==== SOURCE RECORDS
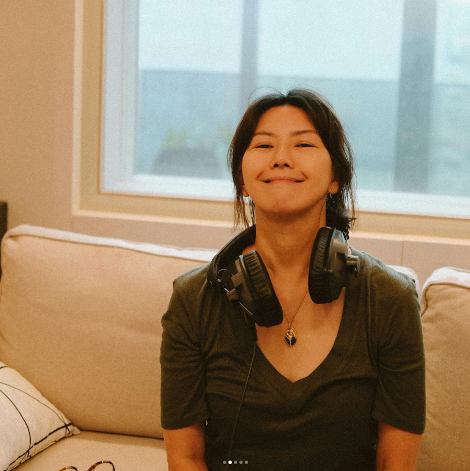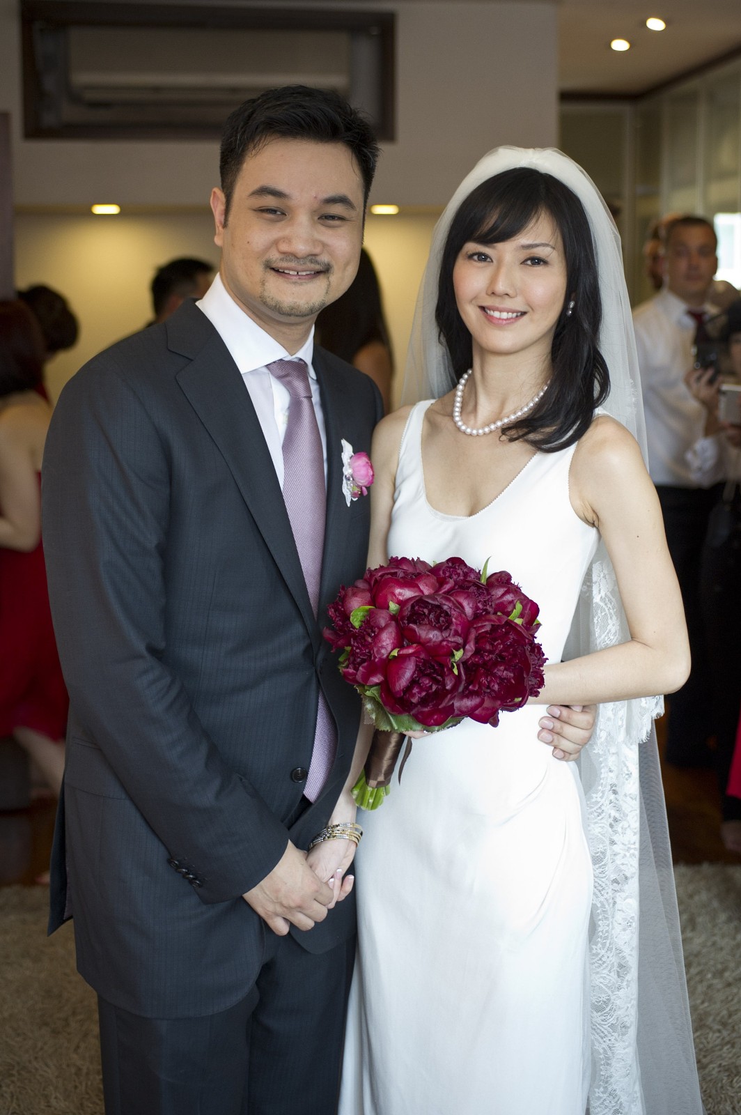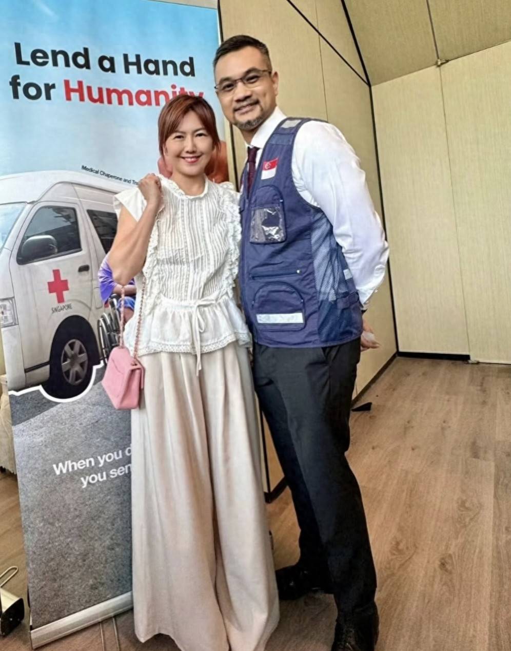 她染著一頭黃色染髮,身材看起來格外纖瘦。因為佩戴口罩,粉絲一開始未能認出她,直到看到她的丈夫,才確認身份。
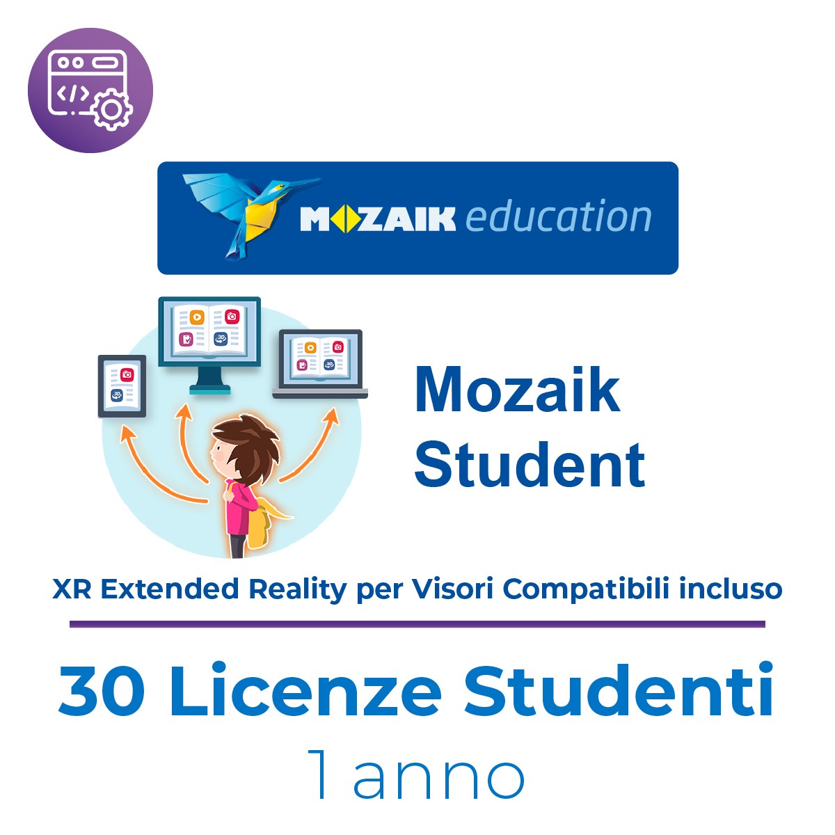 Mozaik STUDENT– Licenza 30 Utenti/Studenti - Abbonamento 1 Anno – Multipiattaforma - Inclusa XR Extended Reality - Italiano
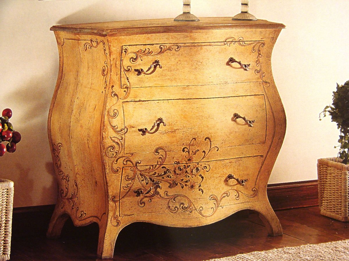 Commode peint et patiné décorations antiques.
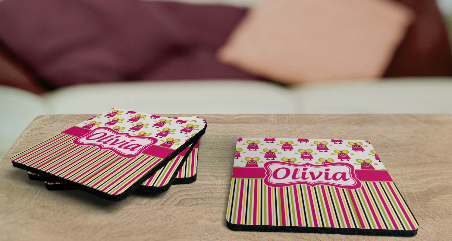 Replace your boring, run-of-the-mill coasters with a set of 4 personalized coasters! When personalized, these coasters will protect your beloved surfaces while adding to your home's decor! Thanks to your coasters bright colors and unique design, your guests will be eager to use them!
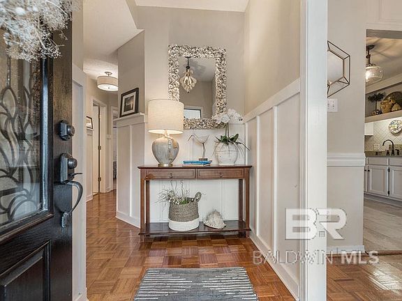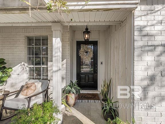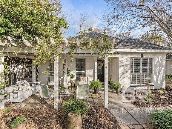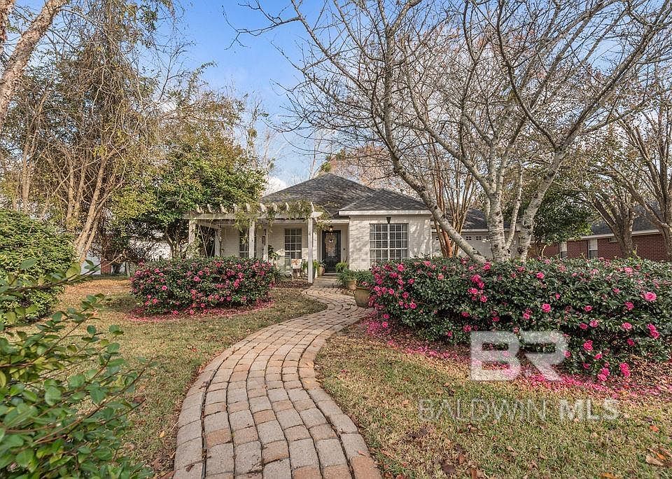 Looking for a charming oasis with the Fairhope touch?! This River Mill house welcomes you with brick walkway and lush landscaping leading up to front patio with pergola and porch swing! The 4 bedroom, 2 bath features an open floor plan with board and batten hall in split bedroom plan that is perfect for entertaining. Kitchen has painted, open glass cabinets with added custom vent hood and tile backsplash. Dining room offers lots of natural light with double window. Living room boasts a gas fireplace with custom tile and mantle and trey ceiling. Large primary suite with trey ceiling and spacious bathroom that includes 2 closets with shelving, double vanity and beautiful, large custom tile shower. Spacious, fenced in backyard is inviting with covered porch, patio, water fountain feature, and shed that does convey. FORTIFIED roof! Established neighborhood just minutes from downtown Fairhope!
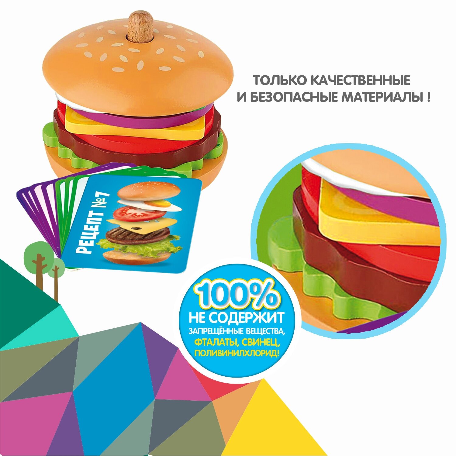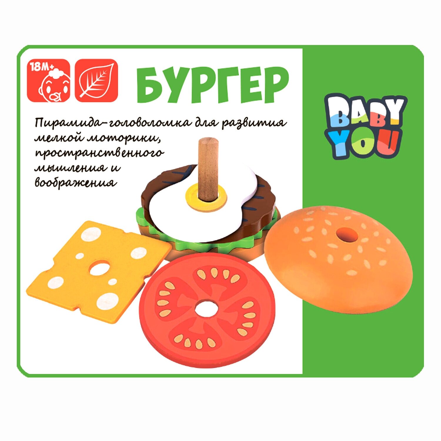 Развивающая головоломка Bondibon пирамидка бургер , игрушка для малышей интересное:
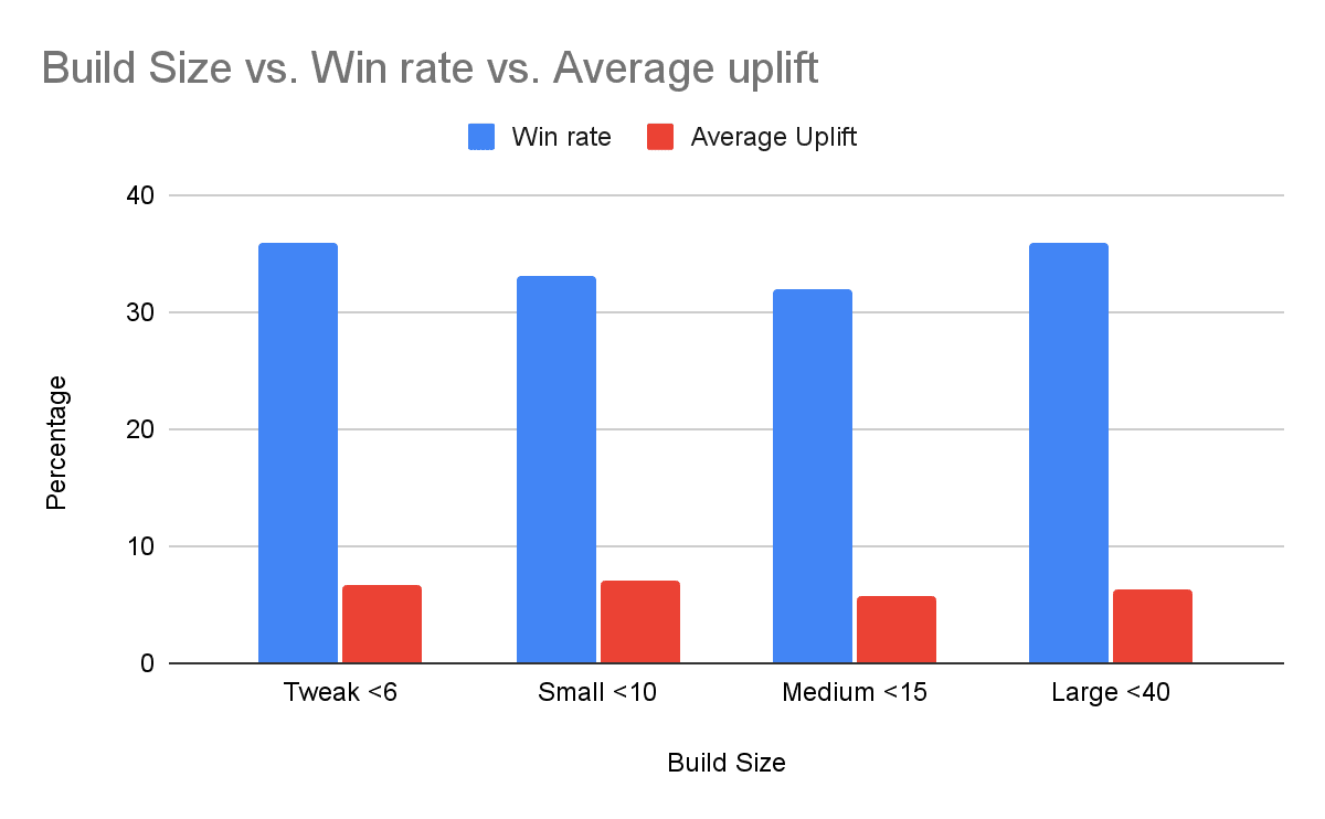 A while ago, we dug into our database of experiments to look at the average uplift for experiments of different sizes. What we found was that large experiments were no more likely to win than minor tweaks – and that they actually had a slightly smaller uplift than tweaks as well (see chart below)!
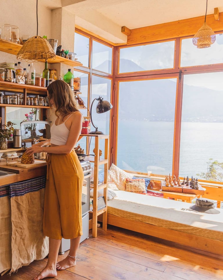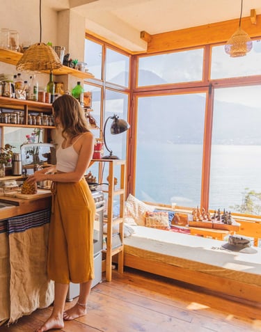 A serene lakeside retreat in San Marcos La Laguna, offering studio apartment rentals. Immerse yourself in nature with stunning lake views, beach access, and tranquil gardens.
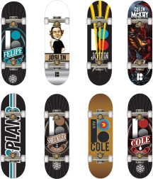 Jedes der sechs Fingerboards hat ein einzigartiges Design, das Sie mit stilvollen Grafiken begeistern wird.
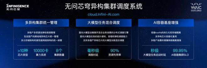 要有效利用这些算力,既需要多元异构芯片纳管和调度的能力,能灵活按需使用到算力资源,还需要在异构算力与算法框架之间架设一个中间层,统一用户编程框架到算力调用的接口,屏蔽硬件细节。同时中间层的设计能兼容现有用户的编程习惯,并支持对未来的扩展。 构建适应多模型与多芯片格局的AI Native基础设施,无问芯穹的底层解法是,提供高效整合异构算力资源的好用算力平台,以及支持软硬件联合优化与加速的中间件,让异构芯片真正转化为大算力。 从推理到训练,让开发者用上异构算力 为回应AI Native应用开发者的算力与工具需求,无问芯穹的Infini-AI云平台应运而生。Infini-AI云平台共由三部分构成,分别是异构云管平台、一站式AI平台(平台即服务,Platform as a Service)和大模型服务平台(模型即服务,Model as a Service)。
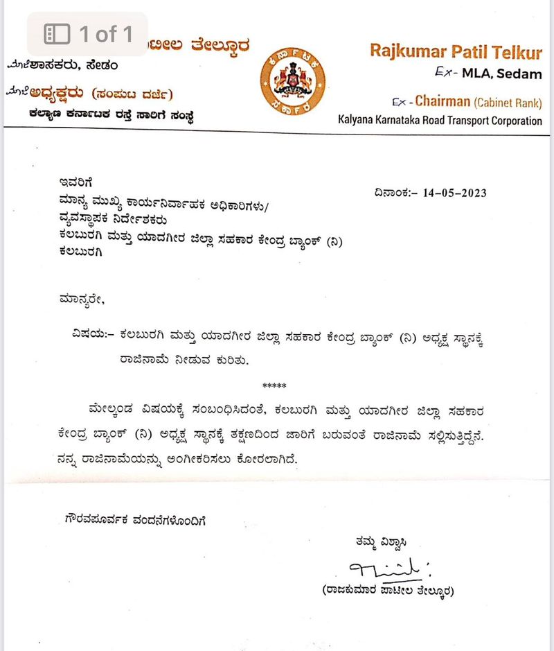 ಬ್ಯಾಂಕ್ನ ಮುಖ್ಯ ಕಾರ್ಯನಿರ್ವಾಹಕ ಅಧಿಕಾರಿಗಳಿಗೆ ರಾಜೀನಾಮೆ ಸಲ್ಲಿಸಿದ್ದು, ತಕ್ಷಣ ಜಾರಿಗೆ ಬರುವಂತೆ ರಾಜೀನಾಮೆ ಅಂಗೀಕರಿಸುವಂತೆ ಕೋರಿದ ರಾಜಕುಮಾರ ಪಾಟೀಲ್ ತೇಲ್ಕೂರ
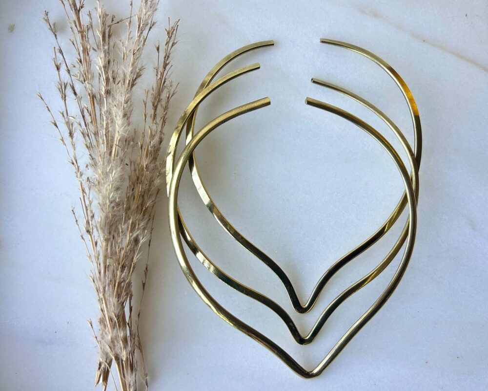 A sleek, sculptural brass choker with a soft V shaped curve and smooth polished finish. Designed to make a strong statement while remaining comfortable and wearable.
========
• [TASK INSTRUCTIONS] I would like the data copied exactly as it stands, with no pictures included.

• [EXERCISE RESPONSE]
 她染著一頭黃色染髮,身材看起來格外纖瘦。因為佩戴口罩,粉絲一開始未能認出她,直到看到她的丈夫,才確認身份。
 Mozaik STUDENT– Licenza 30 Utenti/Studenti - Abbonamento 1 Anno – Multipiattaforma - Inclusa XR Extended Reality - Italiano
 Commode peint et patiné décorations antiques.
 Replace your boring, run-of-the-mill coasters with a set of 4 personalized coasters! When personalized, these coasters will protect your beloved surfaces while adding to your home's decor! Thanks to your coasters bright colors and unique design, your guests will be eager to use them!
 Looking for a charming oasis with the Fairhope touch?! This River Mill house welcomes you with brick walkway and lush landscaping leading up to front patio with pergola and porch swing! The 4 bedroom, 2 bath features an open floor plan with board and batten hall in split bedroom plan that is perfect for entertaining. Kitchen has painted, open glass cabinets with added custom vent hood and tile backsplash. Dining room offers lots of natural light with double window. Living room boasts a gas fireplace with custom tile and mantle and trey ceiling. Large primary suite with trey ceiling and spacious bathroom that includes 2 closets with shelving, double vanity and beautiful, large custom tile shower. Spacious, fenced in backyard is inviting with covered porch, patio, water fountain feature, and shed that does convey. FORTIFIED roof! Established neighborhood just minutes from downtown Fairhope!
 Развивающая головоломка Bondibon пирамидка бургер , игрушка для малышей интересное:
 A while ago, we dug into our database of experiments to look at the average uplift for experiments of different sizes. What we found was that large experiments were no more likely to win than minor tweaks – and that they actually had a slightly smaller uplift than tweaks as well (see chart below)!
 A serene lakeside retreat in San Marcos La Laguna, offering studio apartment rentals. Immerse yourself in nature with stunning lake views, beach access, and tranquil gardens.
 Jedes der sechs Fingerboards hat ein einzigartiges Design, das Sie mit stilvollen Grafiken begeistern wird.
 要有效利用这些算力,既需要多元异构芯片纳管和调度的能力,能灵活按需使用到算力资源,还需要在异构算力与算法框架之间架设一个中间层,统一用户编程框架到算力调用的接口,屏蔽硬件细节。同时中间层的设计能兼容现有用户的编程习惯,并支持对未来的扩展。 构建适应多模型与多芯片格局的AI Native基础设施,无问芯穹的底层解法是,提供高效整合异构算力资源的好用算力平台,以及支持软硬件联合优化与加速的中间件,让异构芯片真正转化为大算力。 从推理到训练,让开发者用上异构算力 为回应AI Native应用开发者的算力与工具需求,无问芯穹的Infini-AI云平台应运而生。Infini-AI云平台共由三部分构成,分别是异构云管平台、一站式AI平台(平台即服务,Platform as a Service)和大模型服务平台(模型即服务,Model as a Service)。
 ಬ್ಯಾಂಕ್ನ ಮುಖ್ಯ ಕಾರ್ಯನಿರ್ವಾಹಕ ಅಧಿಕಾರಿಗಳಿಗೆ ರಾಜೀನಾಮೆ ಸಲ್ಲಿಸಿದ್ದು, ತಕ್ಷಣ ಜಾರಿಗೆ ಬರುವಂತೆ ರಾಜೀನಾಮೆ ಅಂಗೀಕರಿಸುವಂತೆ ಕೋರಿದ ರಾಜಕುಮಾರ ಪಾಟೀಲ್ ತೇಲ್ಕೂರ
 A sleek, sculptural brass choker with a soft V shaped curve and smooth polished finish. Designed to make a strong statement while remaining comfortable and wearable.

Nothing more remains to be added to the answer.